[Exercise aim] For this task, output exactly the lines of the material below starting at the line with "trwałość całego systemu." and ending at the line with "A huge central"; pictures are to be excluded.

[Records provided]
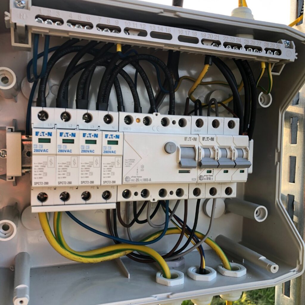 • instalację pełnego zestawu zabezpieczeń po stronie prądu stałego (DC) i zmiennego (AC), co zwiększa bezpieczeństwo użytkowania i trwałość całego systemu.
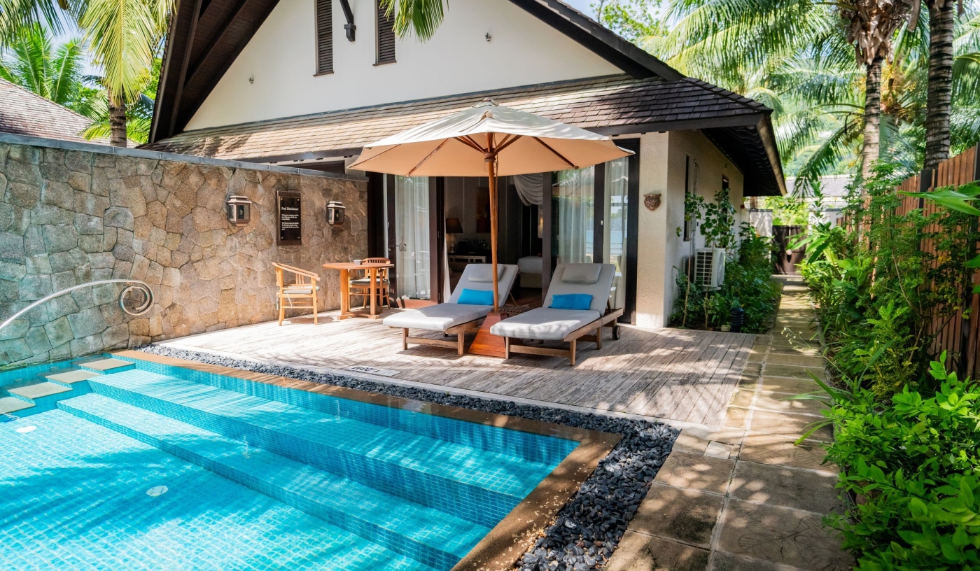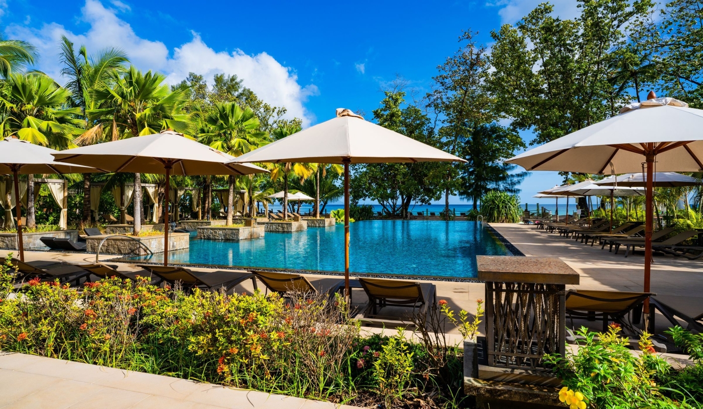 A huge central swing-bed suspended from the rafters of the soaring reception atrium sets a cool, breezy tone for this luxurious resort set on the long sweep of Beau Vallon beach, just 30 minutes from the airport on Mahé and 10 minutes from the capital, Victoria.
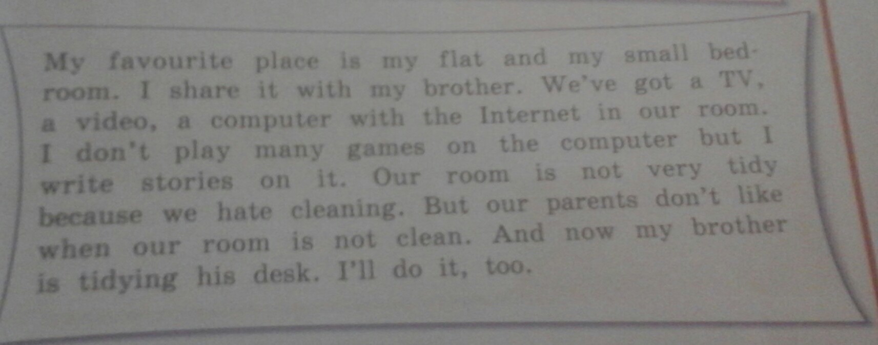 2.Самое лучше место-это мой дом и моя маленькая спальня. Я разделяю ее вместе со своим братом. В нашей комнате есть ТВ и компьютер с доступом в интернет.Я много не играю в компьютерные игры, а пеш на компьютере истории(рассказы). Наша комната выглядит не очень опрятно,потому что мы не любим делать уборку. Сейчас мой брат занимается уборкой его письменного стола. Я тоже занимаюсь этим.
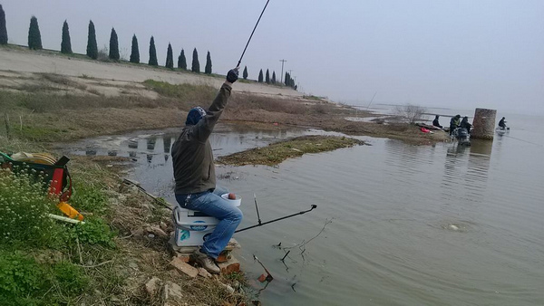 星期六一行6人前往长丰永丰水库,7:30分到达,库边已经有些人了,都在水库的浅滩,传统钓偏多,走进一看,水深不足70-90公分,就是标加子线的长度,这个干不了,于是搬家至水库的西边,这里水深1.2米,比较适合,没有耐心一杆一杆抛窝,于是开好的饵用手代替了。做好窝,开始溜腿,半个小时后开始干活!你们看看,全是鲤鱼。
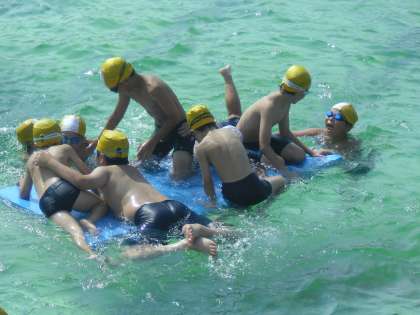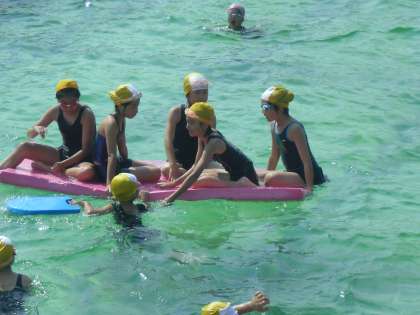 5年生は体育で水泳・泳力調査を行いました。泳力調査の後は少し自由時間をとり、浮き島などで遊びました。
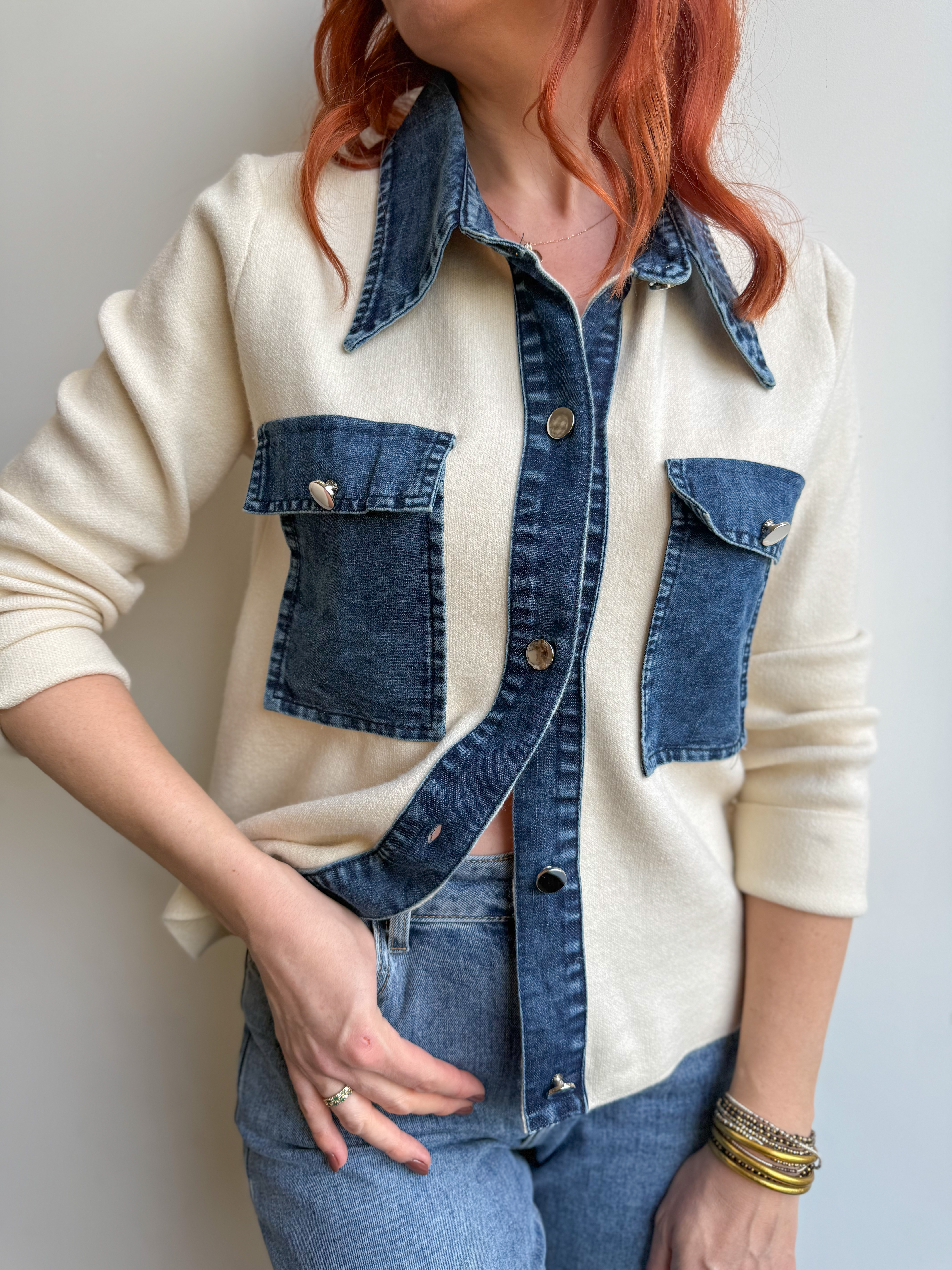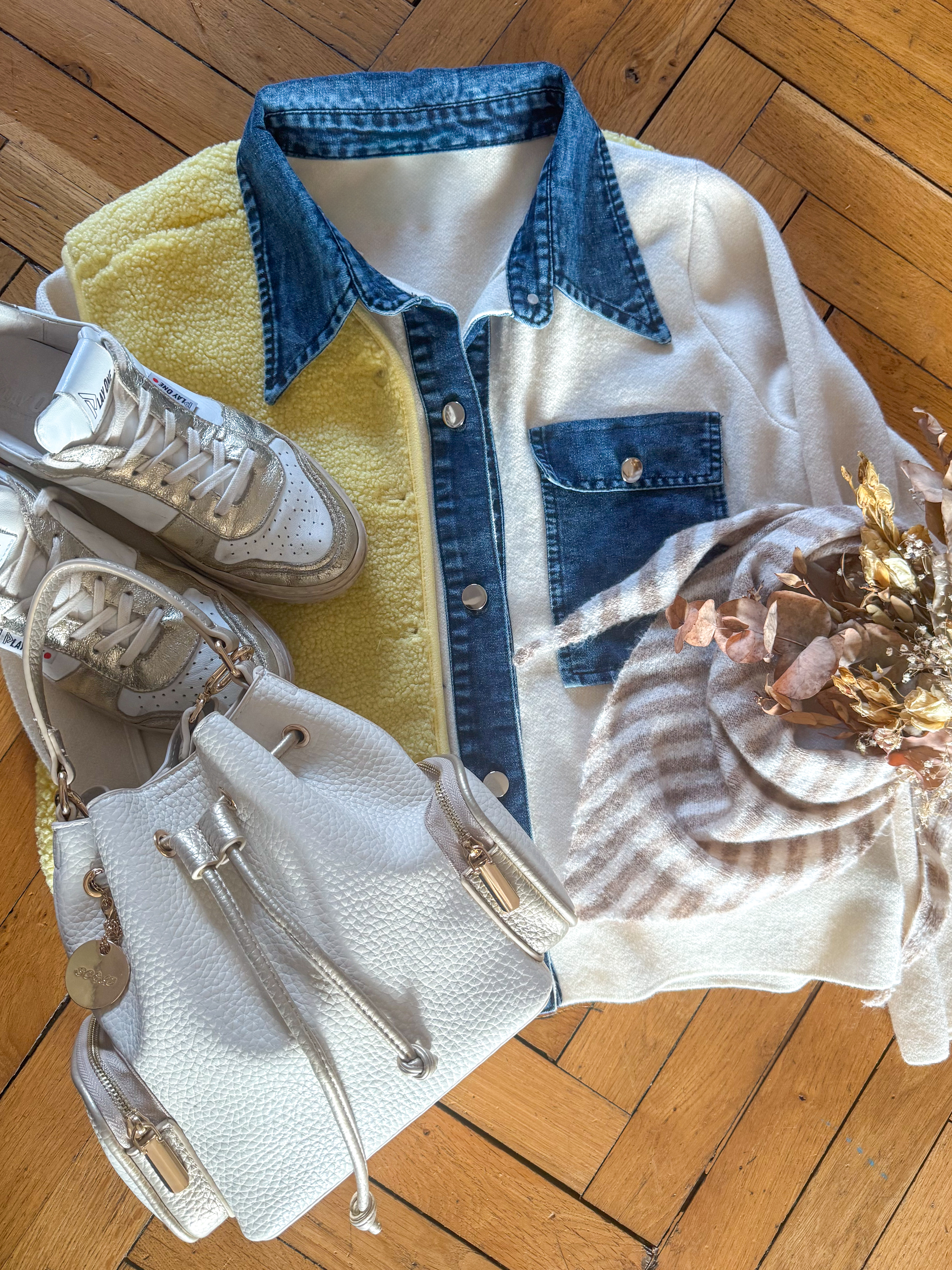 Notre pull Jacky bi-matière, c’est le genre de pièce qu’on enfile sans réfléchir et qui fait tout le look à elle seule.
...
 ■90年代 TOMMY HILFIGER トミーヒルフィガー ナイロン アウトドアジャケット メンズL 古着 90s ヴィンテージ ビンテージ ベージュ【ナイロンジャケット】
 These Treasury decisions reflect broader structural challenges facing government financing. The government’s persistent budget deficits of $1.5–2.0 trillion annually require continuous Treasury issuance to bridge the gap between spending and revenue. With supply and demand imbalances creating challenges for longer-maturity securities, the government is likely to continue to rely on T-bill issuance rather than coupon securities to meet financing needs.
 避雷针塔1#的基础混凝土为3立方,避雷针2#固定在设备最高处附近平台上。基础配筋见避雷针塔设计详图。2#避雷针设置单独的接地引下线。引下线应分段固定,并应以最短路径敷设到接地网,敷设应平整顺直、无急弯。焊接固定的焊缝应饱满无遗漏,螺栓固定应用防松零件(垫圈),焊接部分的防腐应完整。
...
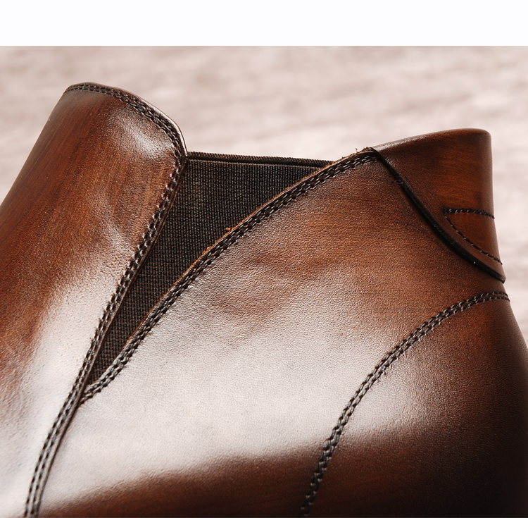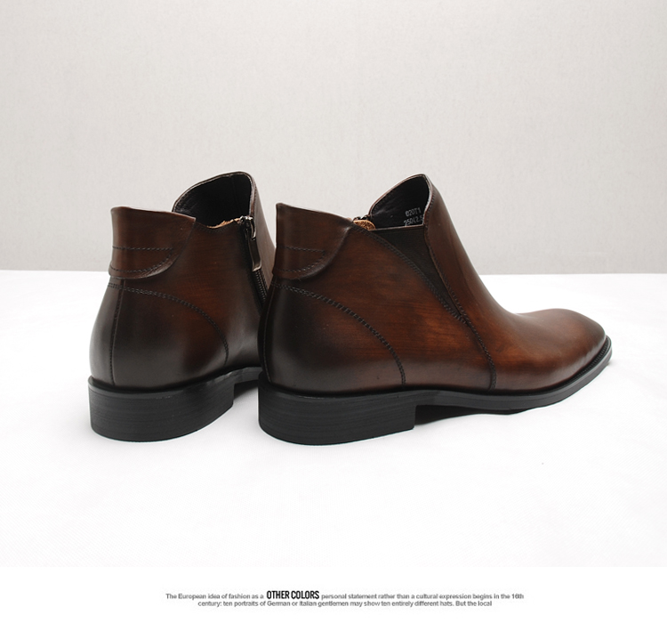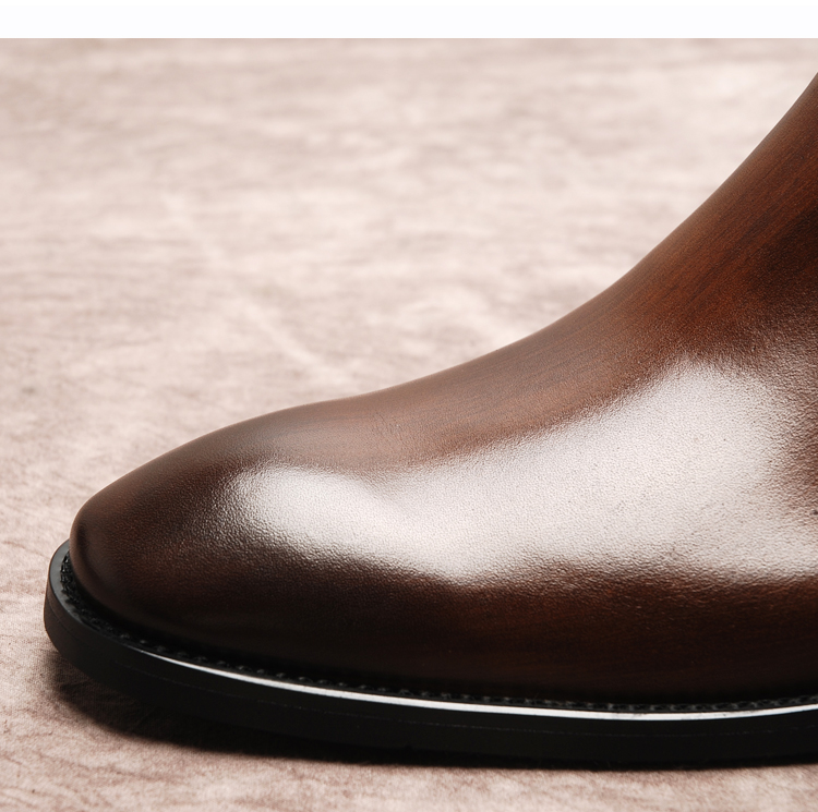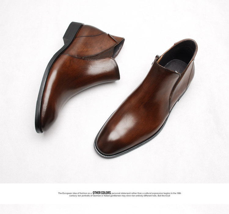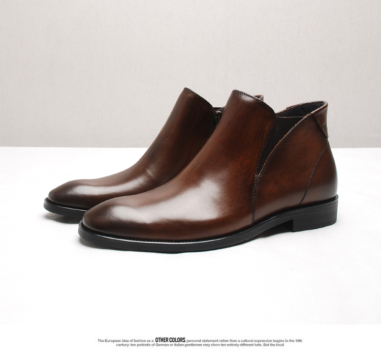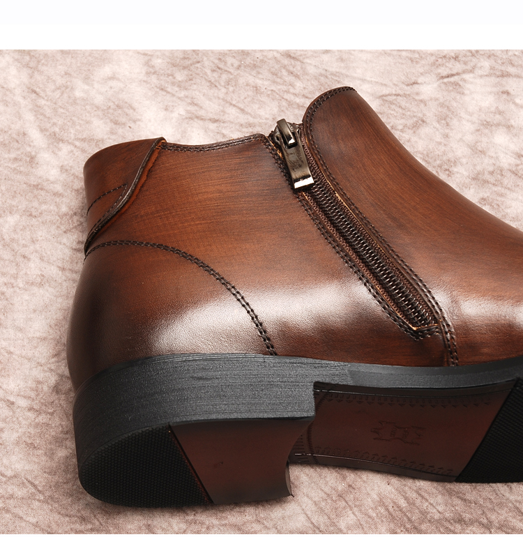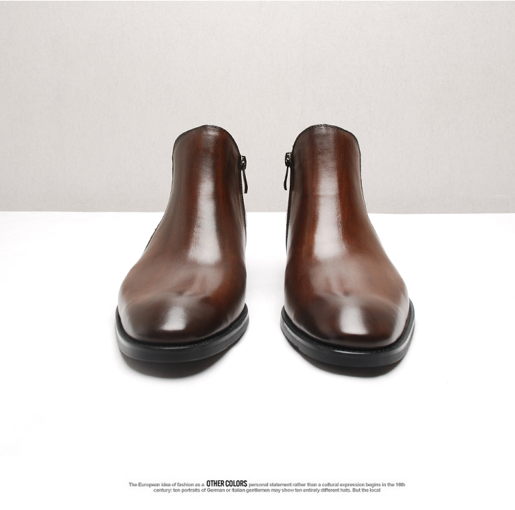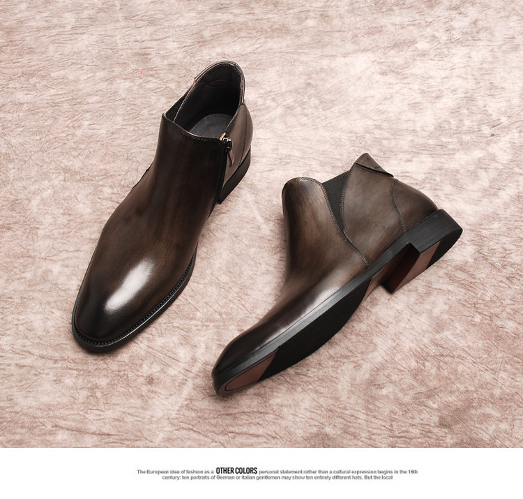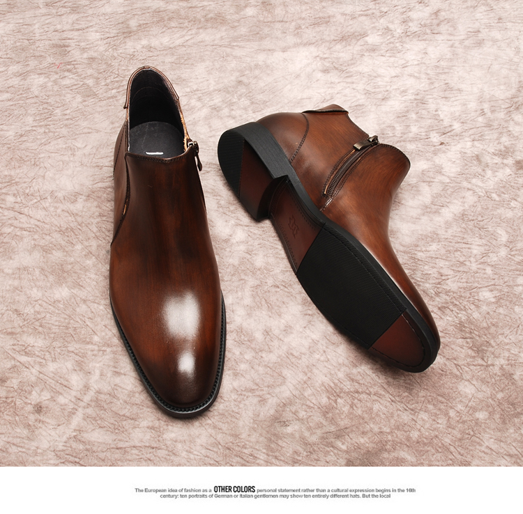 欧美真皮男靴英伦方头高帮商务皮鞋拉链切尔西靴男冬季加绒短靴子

[Output]
 • instalację pełnego zestawu zabezpieczeń po stronie prądu stałego (DC) i zmiennego (AC), co zwiększa bezpieczeństwo użytkowania i trwałość całego systemu.
 A huge central swing-bed suspended from the rafters of the soaring reception atrium sets a cool, breezy tone for this luxurious resort set on the long sweep of Beau Vallon beach, just 30 minutes from the airport on Mahé and 10 minutes from the capital, Victoria.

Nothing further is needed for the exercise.